+++ TASK MATERIAL +++
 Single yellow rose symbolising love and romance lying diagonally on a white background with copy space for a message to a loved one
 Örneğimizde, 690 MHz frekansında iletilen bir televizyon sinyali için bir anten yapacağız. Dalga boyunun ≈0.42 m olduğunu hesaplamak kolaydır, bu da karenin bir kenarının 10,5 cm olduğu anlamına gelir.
+++
+++ TASK MATERIAL +++
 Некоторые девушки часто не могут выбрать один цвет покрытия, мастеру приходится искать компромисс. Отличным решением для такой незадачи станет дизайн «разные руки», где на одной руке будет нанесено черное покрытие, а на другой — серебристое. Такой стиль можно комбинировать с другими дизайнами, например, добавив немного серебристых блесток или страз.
+++
+++ TASK MATERIAL +++
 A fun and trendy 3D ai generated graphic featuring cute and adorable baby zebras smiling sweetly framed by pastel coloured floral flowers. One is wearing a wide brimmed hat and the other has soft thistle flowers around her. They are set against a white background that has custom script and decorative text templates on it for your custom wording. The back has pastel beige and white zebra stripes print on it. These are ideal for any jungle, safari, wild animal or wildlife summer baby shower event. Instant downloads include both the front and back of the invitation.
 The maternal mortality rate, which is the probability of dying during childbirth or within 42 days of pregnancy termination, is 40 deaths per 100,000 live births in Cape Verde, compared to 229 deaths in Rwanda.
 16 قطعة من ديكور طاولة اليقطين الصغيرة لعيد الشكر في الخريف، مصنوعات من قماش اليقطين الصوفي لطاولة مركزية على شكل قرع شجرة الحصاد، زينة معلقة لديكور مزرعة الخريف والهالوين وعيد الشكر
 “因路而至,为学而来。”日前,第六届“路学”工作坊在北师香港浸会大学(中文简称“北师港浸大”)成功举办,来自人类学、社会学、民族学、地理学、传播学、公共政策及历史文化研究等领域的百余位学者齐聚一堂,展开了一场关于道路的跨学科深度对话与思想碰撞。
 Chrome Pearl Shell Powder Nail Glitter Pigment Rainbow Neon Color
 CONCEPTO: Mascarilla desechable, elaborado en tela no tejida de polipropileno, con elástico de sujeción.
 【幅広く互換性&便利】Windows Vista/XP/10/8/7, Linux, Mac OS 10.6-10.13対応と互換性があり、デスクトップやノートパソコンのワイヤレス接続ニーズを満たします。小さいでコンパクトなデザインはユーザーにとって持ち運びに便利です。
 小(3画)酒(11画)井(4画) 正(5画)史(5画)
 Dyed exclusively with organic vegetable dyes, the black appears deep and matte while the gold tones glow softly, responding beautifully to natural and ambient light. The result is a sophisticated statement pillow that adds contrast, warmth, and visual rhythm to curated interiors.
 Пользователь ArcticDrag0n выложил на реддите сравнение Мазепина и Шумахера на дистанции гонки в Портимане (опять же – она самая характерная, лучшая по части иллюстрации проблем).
+++
## PROMPT
The range runs from the line above containing "Dyed exclusively with" to the line containing "Пользователь ArcticDrag0n выложил", inclusive. Restate those lines word for word and no others.

## SOLUTION TO THE EXERCISE
 Dyed exclusively with organic vegetable dyes, the black appears deep and matte while the gold tones glow softly, responding beautifully to natural and ambient light. The result is a sophisticated statement pillow that adds contrast, warmth, and visual rhythm to curated interiors.
 Пользователь ArcticDrag0n выложил на реддите сравнение Мазепина и Шумахера на дистанции гонки в Портимане (опять же – она самая характерная, лучшая по части иллюстрации проблем).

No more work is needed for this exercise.